On 8/30/05, Jason F. McBrayer <
[EMAIL PROTECTED]> wrote:
On Tue, 2005-08-30 at 04:24 -0700, [EMAIL PROTECTED] wrote:
> Hi All
>
> Just starting with django and have very quickly got to the point where
> I can set out a simple little app.
>
> The next thing I need to be able to do is implement user
> authentication. Nothing too fancy just a basic one log in and you can
> do everything type set up.
>
> My question is what is the best way to go about this? Where should my
> security checks go, in the view? in the model?
A little bit of both.
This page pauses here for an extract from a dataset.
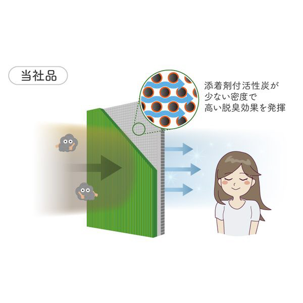 デンソークリーンエアフィルターの添着剤付活性炭は少ない密度でも高い脱臭効果を発揮し、高除塵・脱臭機能を実現しつつ、快適なエアコン風量を維持します。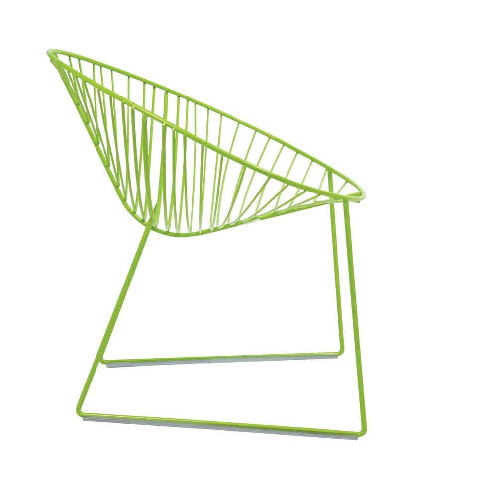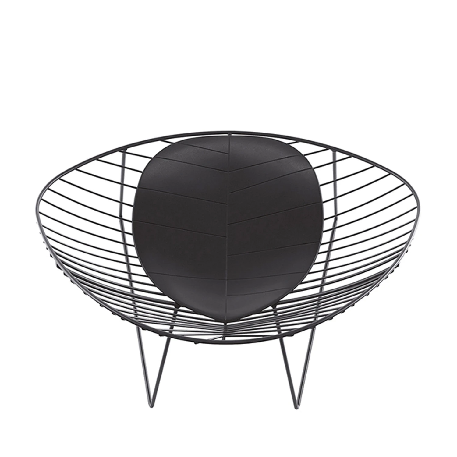 Painted steel rod in white, green or mocha suitable for outdoors and indoors . A seat pad suitable for exterior use is available separately made in polyurethane with an imprinted veined design (green) or a leather version suitable for indoors.

I'm doing a multi-user feed reader right now
(will be publicly released when I'm happy with it), so I've managed to
get this working. Basically you want a user model that can handle its
own authentication (it can be entirely database-backed, or it can be a
cache of some other source, such as ldap).
Then you need a login view, which will check authentication and if
successful, store the user_id in the session, and you need something
(probably a decorator) to check that the user is logged in where
required. Here's the login-relevant stuff from my app; some of which is
copied more-or-less-directly from django's admin framework:
models/engulf.py:
class User(meta.Model):
username = meta.CharField('Username', maxlength=64, unique=True)
password = meta.CharField('Password', maxlength=64)
feed = meta.ManyToManyField(Feed, filter_interface= meta.VERTICAL,
null=True, blank=True)
class META:
admin = meta.Admin()
def __repr__(self):
return self.username
def check_password(self,password):
if password == self.password:
return True
else:
return False
views/engulf.py:
class LoginManipulator(formfields.Manipulator):
def __init__(self):
self.fields = (
formfields.TextField(field_name="username",
length=30, maxlength=64,
is_required=True,
validator_list=[self.check_login]),
formfields.PasswordField(field_name="password",
length=30, maxlength=64,
is_required=True),
)
def check_login(self, field_data, all_data):
username = all_data['username']
password = all_data['password']
try:
u = users.get_object (username__exact=username)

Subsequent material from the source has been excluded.